Arc has also hired outside consultants to assist with the 800-volt technology, as that’s a rare technology even in high-performance electric cars. (Porsche already has an 800-volt pack in its Taycan, while GM is developing 800-volt batteries for its Ultium-powered EVs. Lee warns that this doesn’t necessarily mean there are reasons to be concerned. High-voltage electrical systems are not uncommon on boats. However, they can power so-called hotel loads — which is basically all creature comforts that aren’t related to propulsion.

He says, “We are innovative in that this will be our powertrain — We’re using these high-voltage batteries for this specific usage.” “Our whole team is committed to making sure we do this safely and intelligently. We do some additional closeouts and use a rigorous testing process to ensure that this system is safe.

Lee believes that the huge theoretical upside of an electricboat will outweigh any concerns about its power source. Lee is so enthusiastic about the idea, he stated that he hopes to see Arc’s boats require no maintenance. Sound familiar?
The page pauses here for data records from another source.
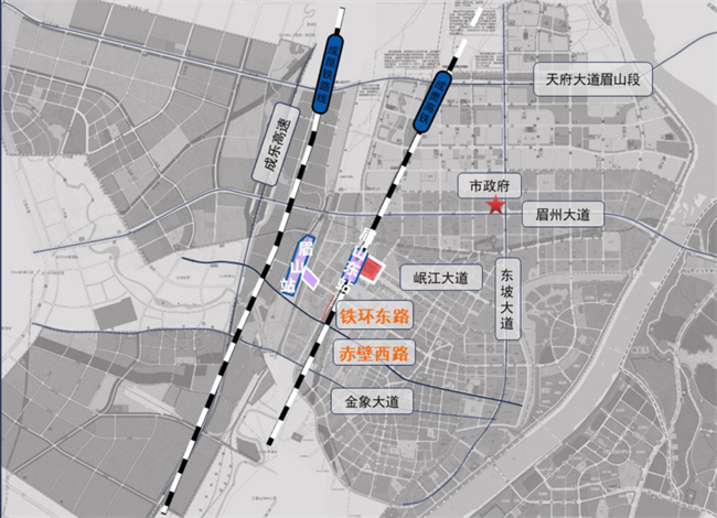 眉山市综合交通枢纽项目是眉山依托眉山东站、眉山站两个地处中心城区的重要铁路站场,打造以高速铁路、干线铁路、城际铁路、市域铁路、班线客运、城市公交等为一体的重点交通项目。
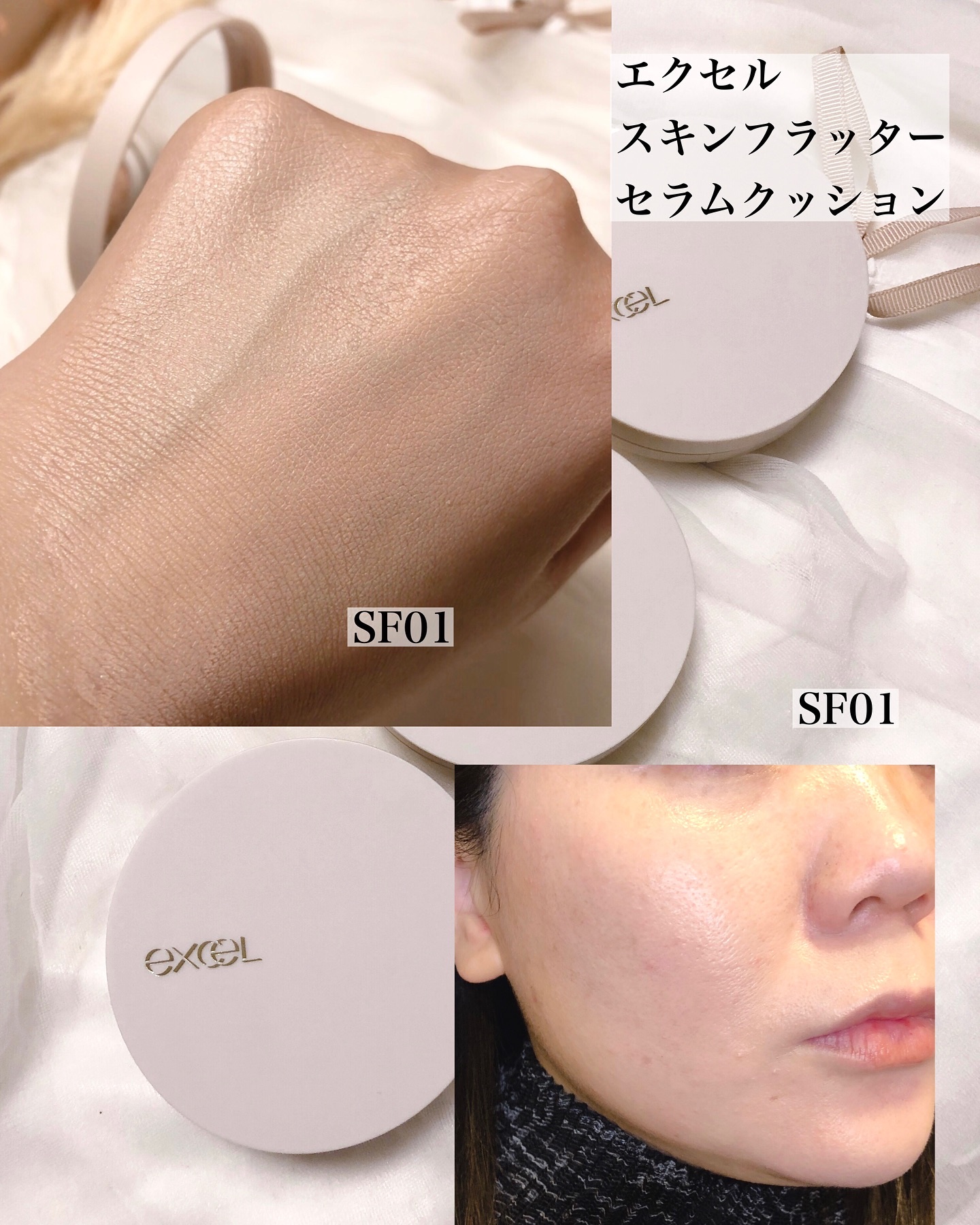 エクセルの美容液クッションファンデ全色レビュー❤️🍀エクセルスキンフラッターセラムクッションSPF50+PA++++全3色SF01ライトベージュSF02ミディアムベージュSF03ナチュラルベージュ各3,410円(税込)常盤薬品工業様から素...
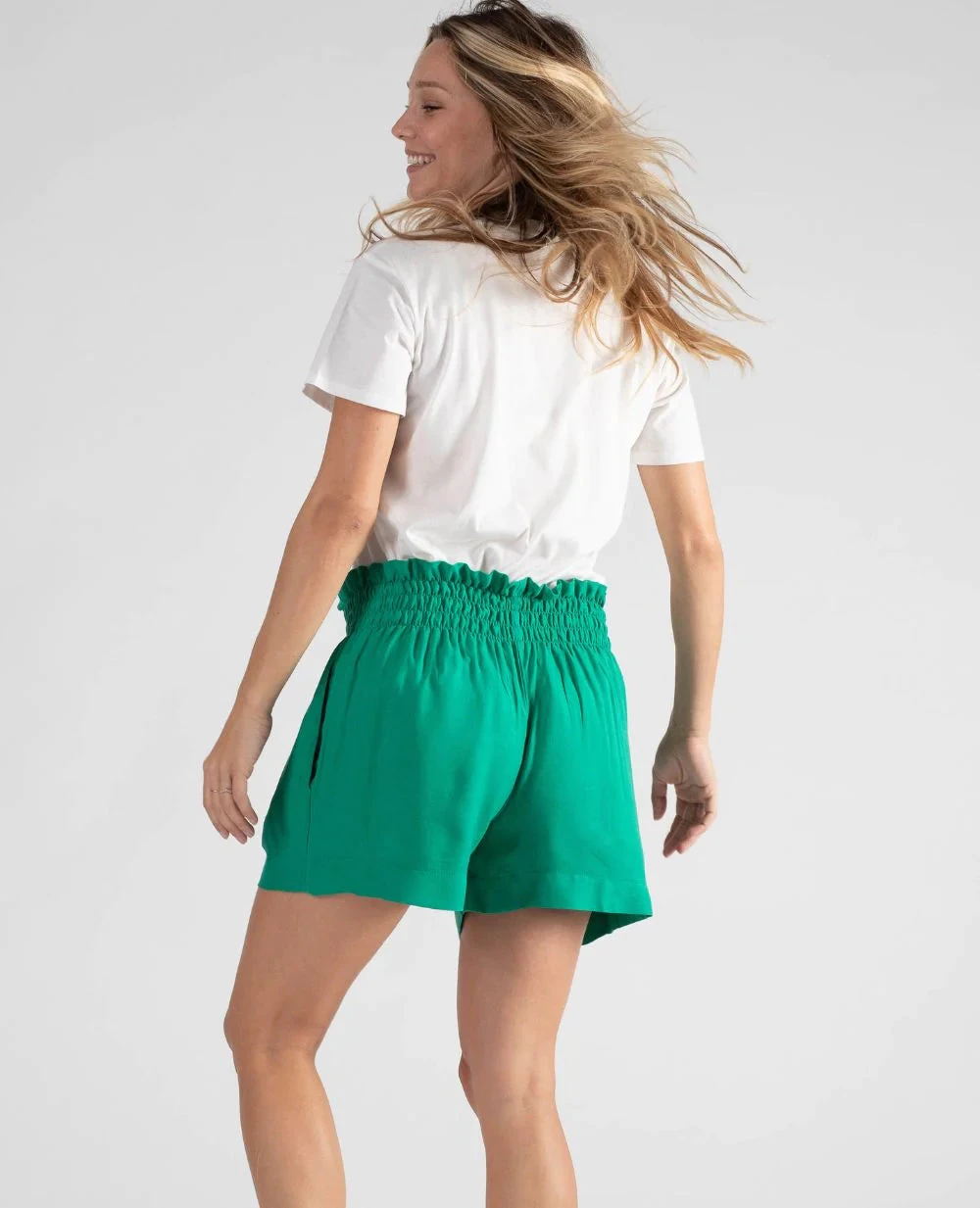 The green Nubie maternity shorts combine fluidity and comfort with their twill fabric and smocked elasticated waistband.
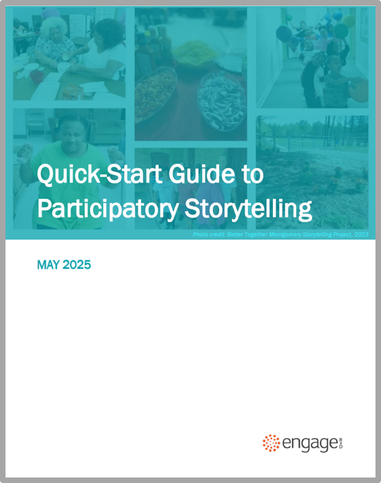 Quick-Start Guide to Participatory Storytelling: During the session, we will share tips and tools to implement storytelling projects that can enhance equity-focused evaluation and learning practices within your own work. Every community and project are unique, so we offer these ideas as suggestions that you should feel free to adapt to meet the needs and context of your individual project.
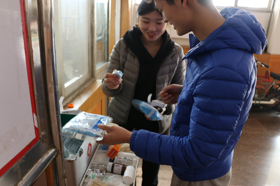院楼门厅,2016级管理班团支书、学院应急医疗志愿服务队队长吴双双正在协助同学使用新配备的电子血压计,旁边的桌上还放置着装满各类应急药品的药箱。
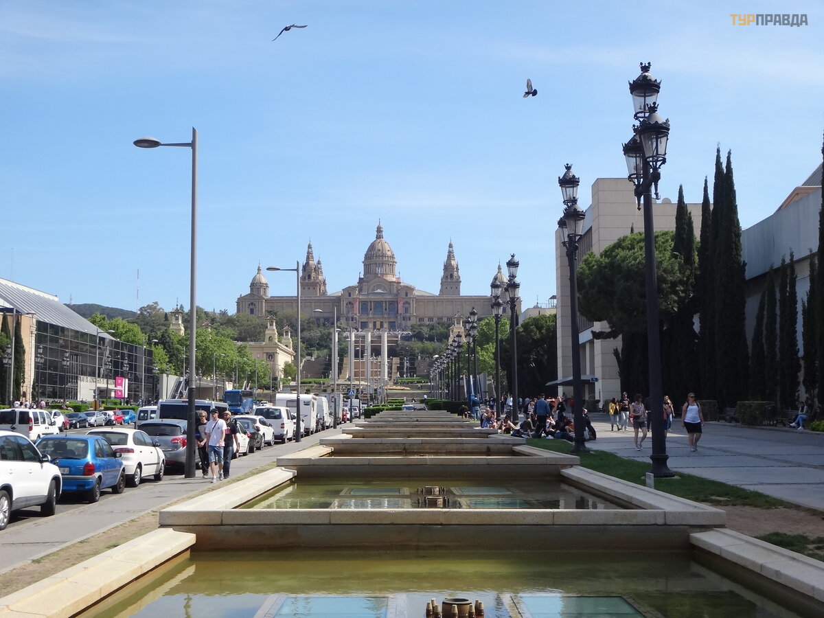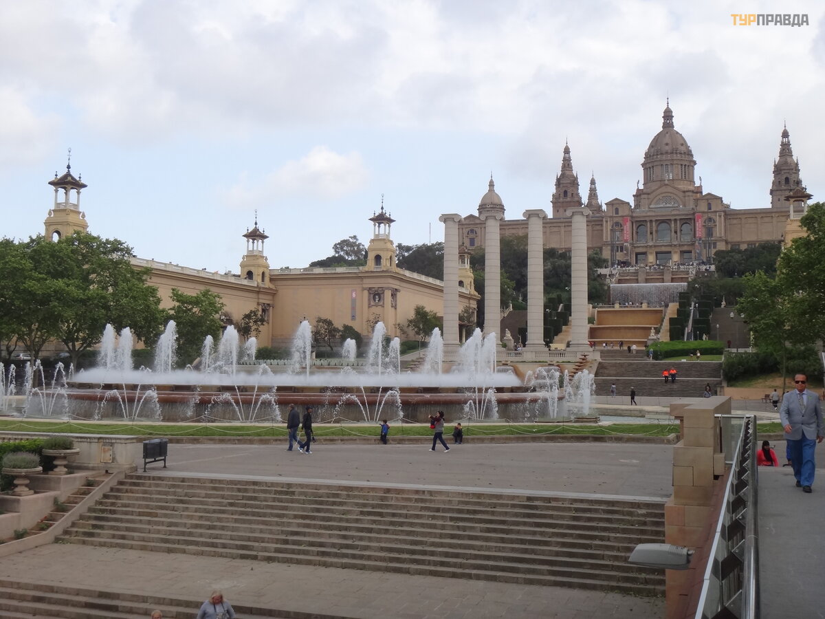MNAC – Narodowe Muzeum Sztuki Katalonii – bardzo pię kne zaró wno blisko, jak i daleko. Dobrze wyglą da z Plaza de Españ a. Ze wszystkich stron jest dobrze. Nie wszedł do ś rodka.
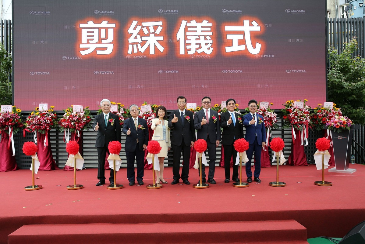 李俊仁建築師(左一) 、國都汽車浦野真佐彥副董事長(左二)、和裕投資林麗華董事長(左三)、國都汽車黃南光董事長(中)、和泰汽車蘇純興總經理(右三)、和泰汽車長沼一生執行副總(右二)、國都汽車黃明顯總經理(右一)。

“Boating can be amazing. He says that boat ownership is a terrible thing and that he wants to eliminate all of the negative aspects and increase the boating market. We can make a boat that is not only premium, but also lowers the burden of boat ownership, and increases the joy of being on the water. That’s what I believe is a major selling point for us. If you combine that with the macro trends of everything becoming electric, I believe that all of this sets us up to have the right product, in the right market, at the right time.